### What the task asks
Reproduce everything from the line that contains "Karayolları Bölge Müdürlüğü" down to the line that contains "(graskersfræ, furuhnetur, sólblómafræ)." in the listing below, word for word and nothing more. Leave the pictures out.

### Input for this task
========

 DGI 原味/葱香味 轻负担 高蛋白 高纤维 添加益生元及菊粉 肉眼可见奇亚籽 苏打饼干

========

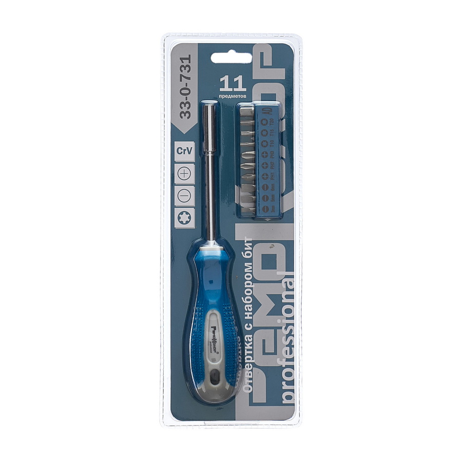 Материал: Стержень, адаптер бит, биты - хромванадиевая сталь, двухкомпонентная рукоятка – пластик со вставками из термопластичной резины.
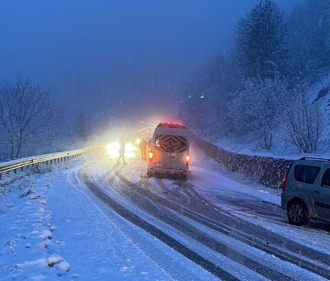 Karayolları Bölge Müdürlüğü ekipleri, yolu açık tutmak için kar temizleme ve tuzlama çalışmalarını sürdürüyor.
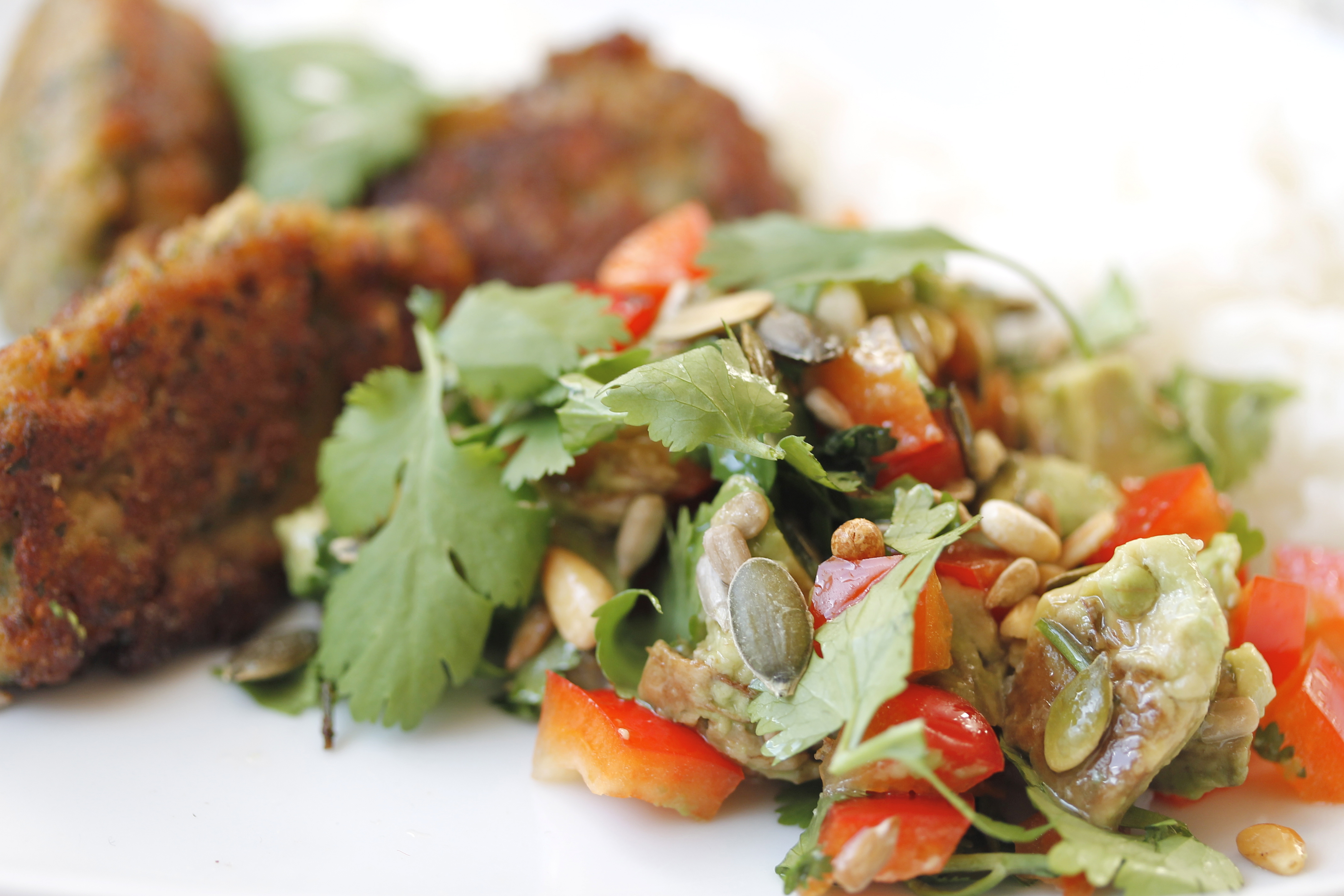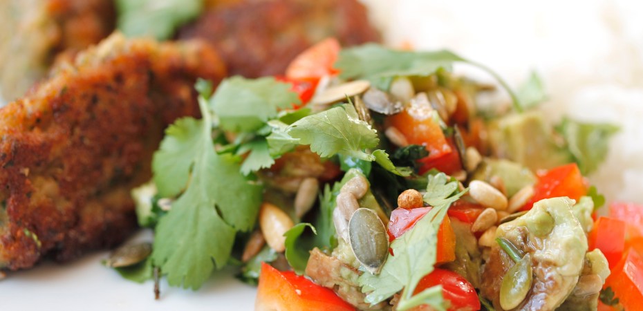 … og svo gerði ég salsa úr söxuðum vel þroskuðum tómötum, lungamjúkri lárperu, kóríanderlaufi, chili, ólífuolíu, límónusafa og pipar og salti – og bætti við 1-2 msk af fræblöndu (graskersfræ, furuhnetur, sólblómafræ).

========

### Result for this exercise
 Karayolları Bölge Müdürlüğü ekipleri, yolu açık tutmak için kar temizleme ve tuzlama çalışmalarını sürdürüyor.
 … og svo gerði ég salsa úr söxuðum vel þroskuðum tómötum, lungamjúkri lárperu, kóríanderlaufi, chili, ólífuolíu, límónusafa og pipar og salti – og bætti við 1-2 msk af fræblöndu (graskersfræ, furuhnetur, sólblómafræ).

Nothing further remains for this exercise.